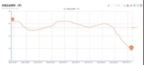 由于產(chǎn)能的下降,疊加“銀十”訂單的到來,織造庫存在短期內(nèi)得到了一次大釋放。主營春亞紡的凌經(jīng)理跟我們說:“我們主要做訂單,但是市場貨也有在做,像我們春亞紡做的很多,這幾天我們這春亞紡都已經(jīng)庫存不多,市場上也確實應(yīng)該緊張了。”主營功能性面料的陳經(jīng)理和我們說道:“我們這庫存不太多了,現(xiàn)在走貨很通暢?!敝鳡I春亞紡的翁總表示:“我們做現(xiàn)貨的,庫存要有一定的存量,基本在一個月吧,比前期走貨確實是好轉(zhuǎn)了,庫存下降了很多。”
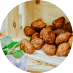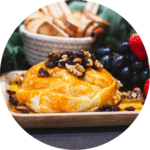 Roquefort cheese cream in a filo pastry, topped with almond nut.
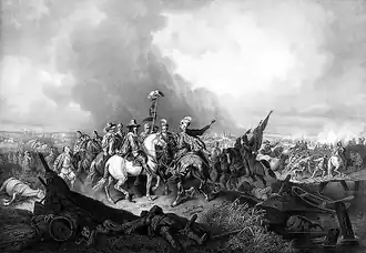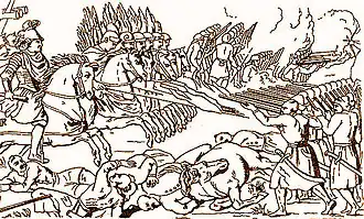 The "king insisted, at a night council, on engaging the enemy in a decisive battle the next day, Friday, 30 June".[18] The Crown Army appeared out of the "morning mist in full strength" but only the Tatars engaged in skirmishes which was met by the Polish artillery.[18] The Cossack defences consisted of two fortified camps, a larger for the registered Cossacks and a smaller for the peasant militia, both protected by 10 lines of chained wagons.[19] At 3 p.m. Duke Jeremi Wiśniowiecki led a successful charge of 18 cavalry companies against the right wing of the Cossack-Tatar armies and "the zealous cavalry attack was a success: it broke up the rows of Cossack infantry and the wagons moving in corral formation".[20] However the Cossacks regrouped, pushed the Polish cavalry out of the camp and advanced further with the help of the Tatars. The left flank of the Polish army started to retreat when the King reinforced it with all German mercenaries under command of Colonel Houwaldt who repulsed the attack and "drove the Tatars from the field".[20][21] During the fighting, a Polish nobleman called Otwinowski noticed the Tatar Khan's standard, and Polish artillery was directed to fire at it. The Khan's brother Amurat was wounded mortally. With the battle already turning against them, the Tatar forces panicked, "abandoning the Khan's camp as it stood", and fled the battlefield leaving most of their belongings behind. Khmelnytsky and Vyhovsky with a few Cossacks chased Khan attempting to bring him with his force back, but were taken hostage to be released when the battle was over.[22] A heavy rain started which complicated cavalry operations. With the Tatar cavalry gone, the Cossacks moved their wagons in the night to a better defensive position closer to the river, dug trenches and constructed walls to Polish surprise in the morning.
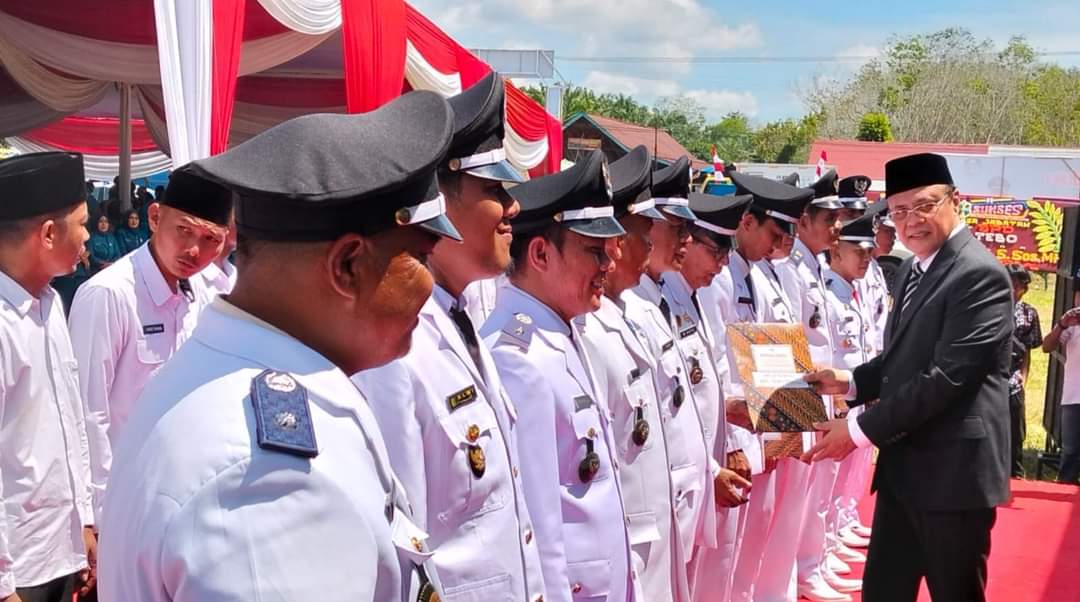 Pengukuhan Kades dan Anggota BPD se Kabupaten Tebo ini digelar di lapangan Garuda Desa Perintis Jaya, Kecamatan Rimbo Bujang, Kabupaten Tebo, Jambi.

◆ **PROBLEM DETAILS**
Only the lines from the first line of the data above through the line with "Roquefort cheese cream" should appear in the answer, retyped exactly, with every picture left out.

◆ **EXERCISE RESPONSE**
 由于產(chǎn)能的下降,疊加“銀十”訂單的到來,織造庫存在短期內(nèi)得到了一次大釋放。主營春亞紡的凌經(jīng)理跟我們說:“我們主要做訂單,但是市場貨也有在做,像我們春亞紡做的很多,這幾天我們這春亞紡都已經(jīng)庫存不多,市場上也確實應(yīng)該緊張了。”主營功能性面料的陳經(jīng)理和我們說道:“我們這庫存不太多了,現(xiàn)在走貨很通暢?!敝鳡I春亞紡的翁總表示:“我們做現(xiàn)貨的,庫存要有一定的存量,基本在一個月吧,比前期走貨確實是好轉(zhuǎn)了,庫存下降了很多。”
 Roquefort cheese cream in a filo pastry, topped with almond nut.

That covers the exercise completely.